- [Record set]:

Content starts

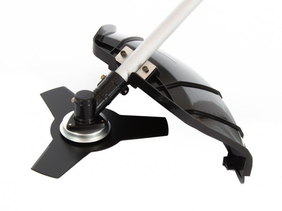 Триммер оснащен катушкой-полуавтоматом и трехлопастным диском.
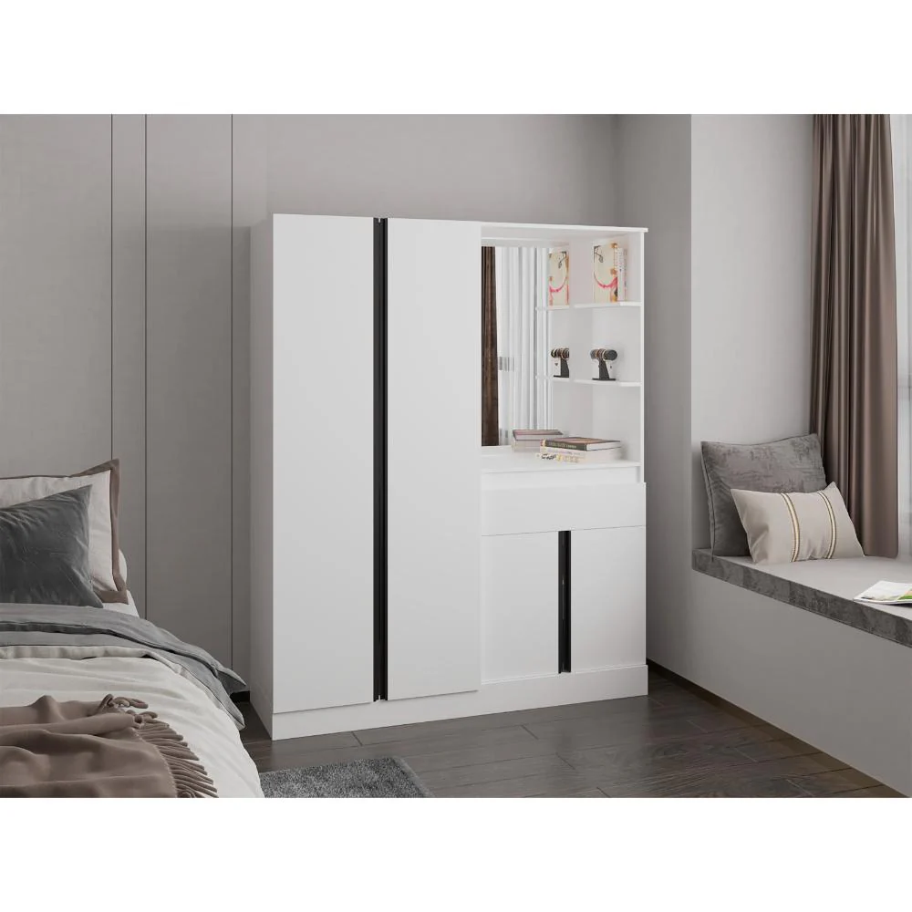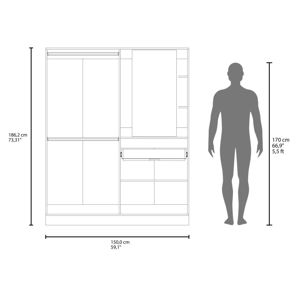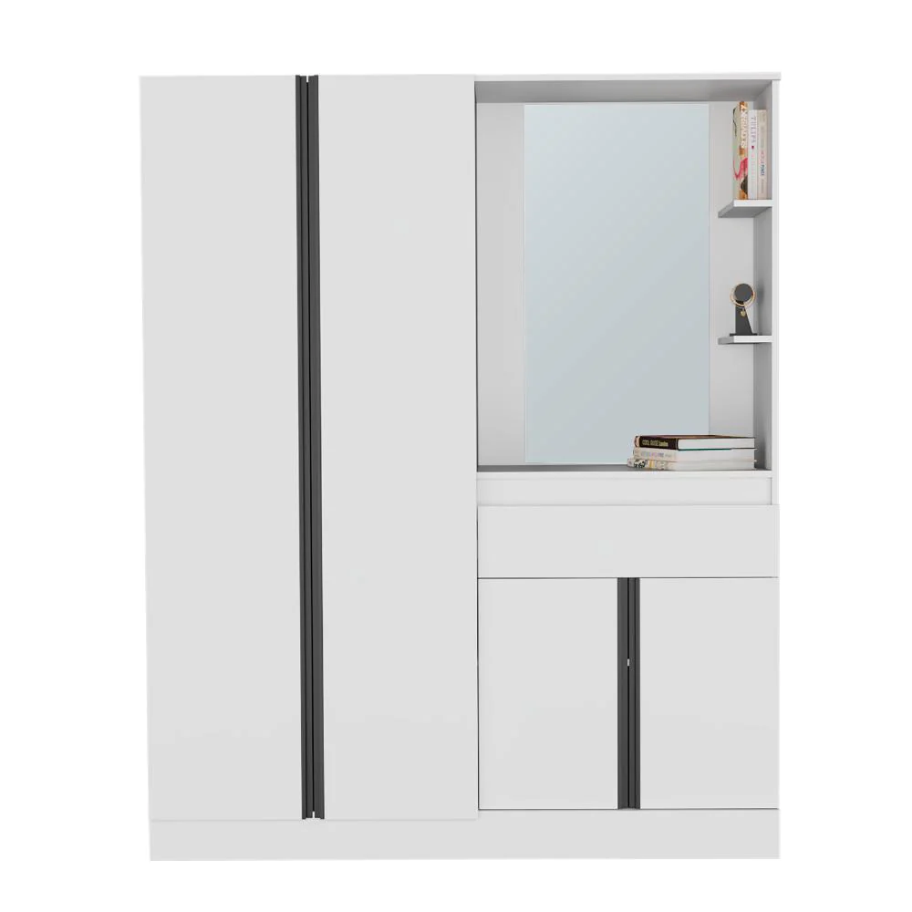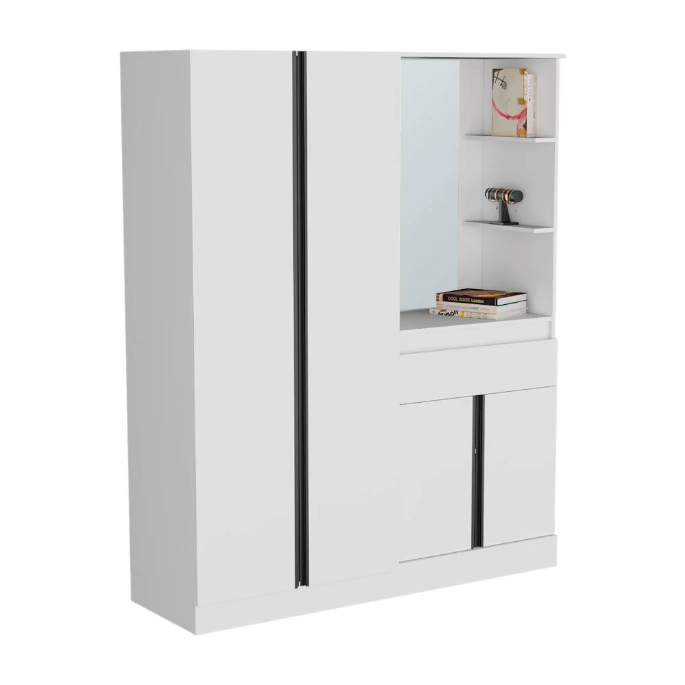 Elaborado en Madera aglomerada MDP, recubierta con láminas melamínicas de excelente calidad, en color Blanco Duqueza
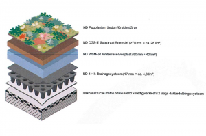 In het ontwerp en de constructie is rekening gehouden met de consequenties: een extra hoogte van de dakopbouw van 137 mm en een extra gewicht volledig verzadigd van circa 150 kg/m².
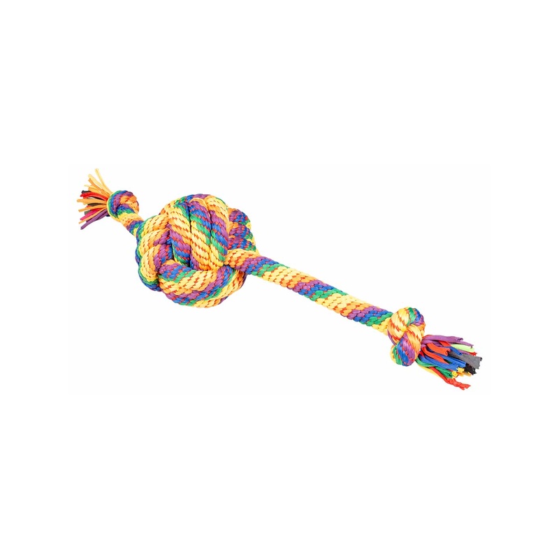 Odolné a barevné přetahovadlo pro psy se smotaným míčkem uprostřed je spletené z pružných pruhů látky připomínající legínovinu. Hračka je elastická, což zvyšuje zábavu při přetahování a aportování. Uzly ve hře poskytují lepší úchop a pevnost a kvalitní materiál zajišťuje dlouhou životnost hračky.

Content ends
Content starts

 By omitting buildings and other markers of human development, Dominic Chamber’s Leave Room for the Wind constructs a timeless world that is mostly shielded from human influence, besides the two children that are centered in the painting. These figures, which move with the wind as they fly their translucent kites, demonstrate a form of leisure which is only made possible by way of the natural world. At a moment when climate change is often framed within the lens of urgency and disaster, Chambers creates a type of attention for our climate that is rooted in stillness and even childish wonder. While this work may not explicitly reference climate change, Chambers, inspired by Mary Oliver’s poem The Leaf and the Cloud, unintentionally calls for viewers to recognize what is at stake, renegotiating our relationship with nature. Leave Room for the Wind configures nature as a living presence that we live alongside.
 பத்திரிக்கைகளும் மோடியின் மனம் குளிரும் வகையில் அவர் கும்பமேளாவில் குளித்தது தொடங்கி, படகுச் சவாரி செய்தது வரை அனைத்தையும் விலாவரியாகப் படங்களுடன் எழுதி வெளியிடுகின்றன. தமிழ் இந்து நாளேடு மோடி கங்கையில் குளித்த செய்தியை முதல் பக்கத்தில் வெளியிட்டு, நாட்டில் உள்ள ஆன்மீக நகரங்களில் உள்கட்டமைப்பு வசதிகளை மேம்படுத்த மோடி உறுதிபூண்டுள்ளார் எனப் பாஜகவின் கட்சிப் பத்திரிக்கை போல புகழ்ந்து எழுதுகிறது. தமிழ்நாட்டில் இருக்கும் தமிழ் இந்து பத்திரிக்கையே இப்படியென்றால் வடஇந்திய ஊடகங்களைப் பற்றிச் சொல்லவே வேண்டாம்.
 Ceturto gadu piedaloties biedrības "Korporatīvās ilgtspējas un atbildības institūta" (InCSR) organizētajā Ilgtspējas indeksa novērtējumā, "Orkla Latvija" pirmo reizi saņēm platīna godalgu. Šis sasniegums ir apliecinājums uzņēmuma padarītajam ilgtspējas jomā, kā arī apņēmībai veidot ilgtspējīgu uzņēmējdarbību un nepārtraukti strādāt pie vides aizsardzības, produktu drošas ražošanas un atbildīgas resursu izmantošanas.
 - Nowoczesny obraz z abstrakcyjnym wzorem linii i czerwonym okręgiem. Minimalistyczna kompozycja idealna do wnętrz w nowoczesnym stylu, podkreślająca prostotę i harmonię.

Content ends
Content starts

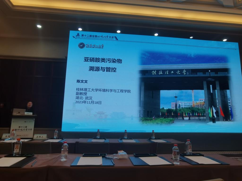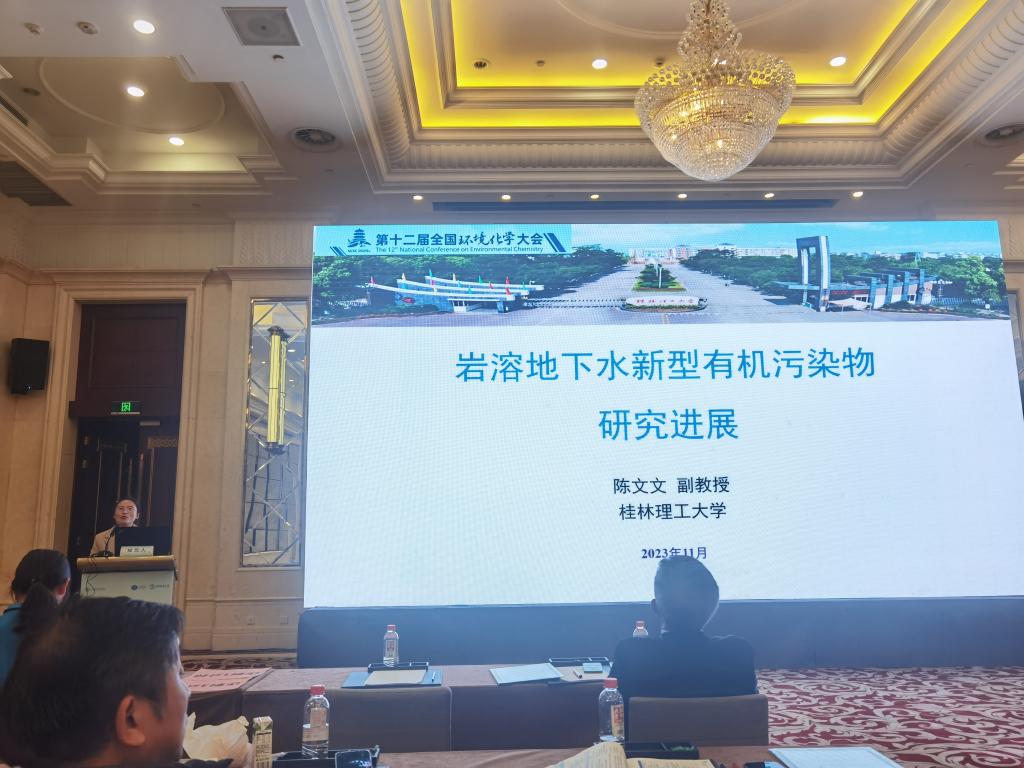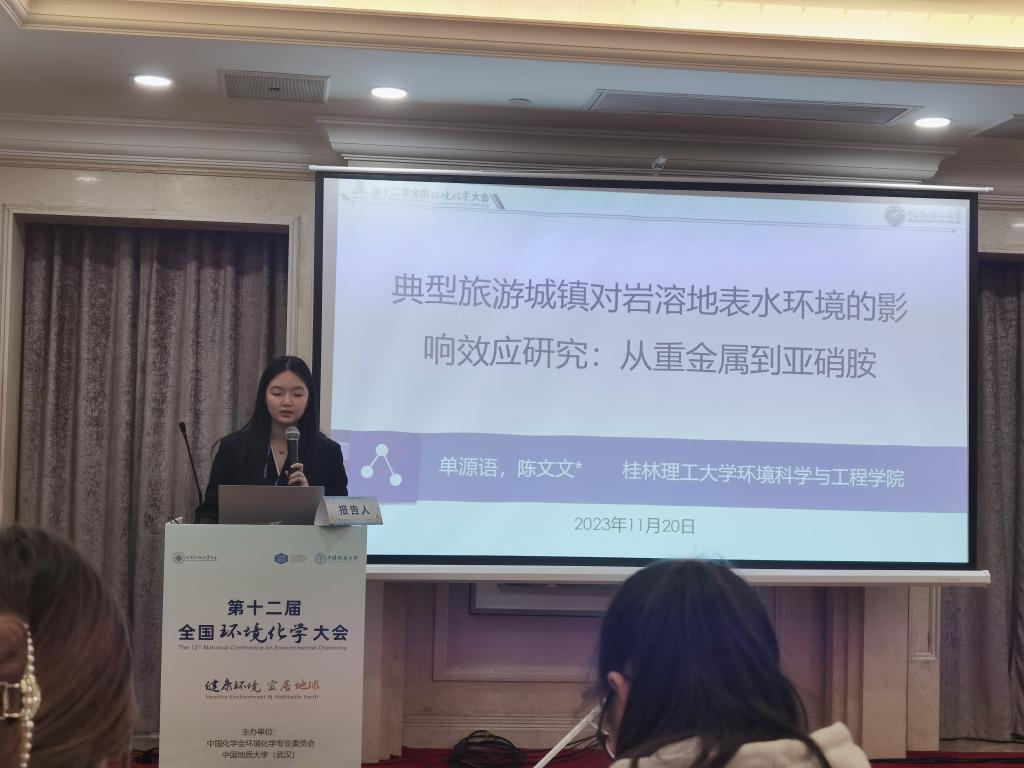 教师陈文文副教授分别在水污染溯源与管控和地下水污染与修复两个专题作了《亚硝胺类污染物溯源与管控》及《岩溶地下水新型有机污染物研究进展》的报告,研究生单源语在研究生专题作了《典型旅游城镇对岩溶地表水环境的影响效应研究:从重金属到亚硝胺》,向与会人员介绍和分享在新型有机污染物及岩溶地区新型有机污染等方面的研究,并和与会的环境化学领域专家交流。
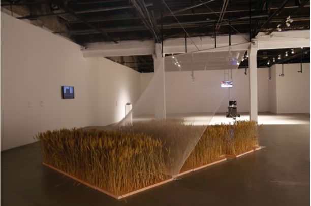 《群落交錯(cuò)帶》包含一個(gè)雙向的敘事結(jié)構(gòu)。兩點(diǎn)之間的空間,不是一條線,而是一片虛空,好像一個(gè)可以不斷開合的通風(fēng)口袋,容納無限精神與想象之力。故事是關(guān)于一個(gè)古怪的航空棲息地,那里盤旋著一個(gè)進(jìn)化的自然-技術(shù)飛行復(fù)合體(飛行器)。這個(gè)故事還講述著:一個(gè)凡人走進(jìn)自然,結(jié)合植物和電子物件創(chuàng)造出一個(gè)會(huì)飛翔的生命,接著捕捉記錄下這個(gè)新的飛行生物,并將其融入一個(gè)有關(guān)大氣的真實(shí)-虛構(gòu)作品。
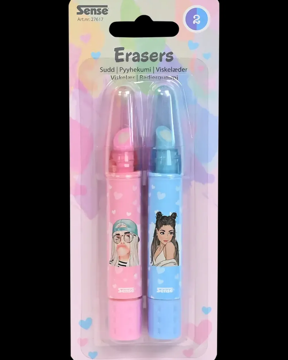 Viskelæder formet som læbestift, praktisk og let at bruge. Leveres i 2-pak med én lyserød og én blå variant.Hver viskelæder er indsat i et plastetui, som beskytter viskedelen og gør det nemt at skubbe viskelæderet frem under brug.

Content ends

- [About this exercise]: Given the records above, return the lines starting at the one that holds "Триммер оснащен катушкой-полуавтоматом" and ending at the one that holds "Odolné a barevné", exactly, and nothing besides; leave every picture out.

- [Answer to this exercise]:
 Триммер оснащен катушкой-полуавтоматом и трехлопастным диском.
 Elaborado en Madera aglomerada MDP, recubierta con láminas melamínicas de excelente calidad, en color Blanco Duqueza
 In het ontwerp en de constructie is rekening gehouden met de consequenties: een extra hoogte van de dakopbouw van 137 mm en een extra gewicht volledig verzadigd van circa 150 kg/m².
 Odolné a barevné přetahovadlo pro psy se smotaným míčkem uprostřed je spletené z pružných pruhů látky připomínající legínovinu. Hračka je elastická, což zvyšuje zábavu při přetahování a aportování. Uzly ve hře poskytují lepší úchop a pevnost a kvalitní materiál zajišťuje dlouhou životnost hračky.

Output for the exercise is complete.